◆ About this task ◆
Word for word and without images, reproduce the listing that follows.

◆ Data section ◆
· · · ·
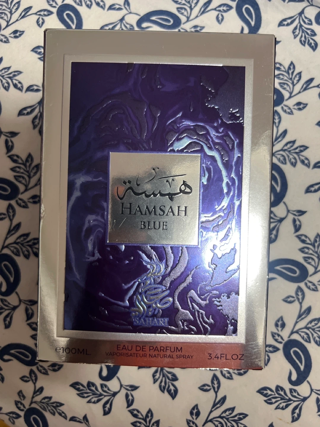 Selling a bottle of Hamsah Blue Eau de Parfum. It's a 100ml bottle with a vaporisateur natural spray. The box is included, and the bottle is 3.4 fl.oz.
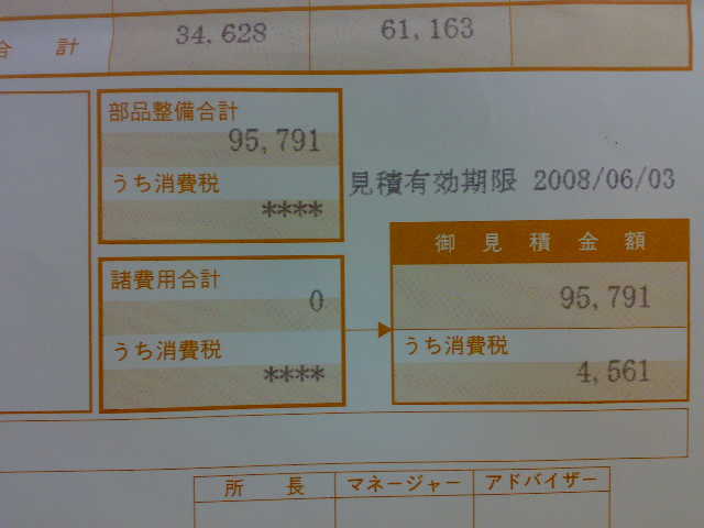 塗装済みのバンパーが品切れ(?)だったとかで、無塗装のバンパーに塗装代もかかっているので、かなりイイお値段(9万超)の見積もり、、、もし自腹だったなら、もっと適当な方法で済ませちゃいますよね(笑)。
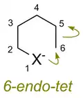 - em fechamentos de anel exo e endo, dependendo de se a ligação quebra-se durante o fechamento do anel está dentro (endo) ou fora (exo) do anel que se forma
· · · ·
◆ Written reply ◆
 Selling a bottle of Hamsah Blue Eau de Parfum. It's a 100ml bottle with a vaporisateur natural spray. The box is included, and the bottle is 3.4 fl.oz.
 塗装済みのバンパーが品切れ(?)だったとかで、無塗装のバンパーに塗装代もかかっているので、かなりイイお値段(9万超)の見積もり、、、もし自腹だったなら、もっと適当な方法で済ませちゃいますよね(笑)。
 - em fechamentos de anel exo e endo, dependendo de se a ligação quebra-se durante o fechamento do anel está dentro (endo) ou fora (exo) do anel que se forma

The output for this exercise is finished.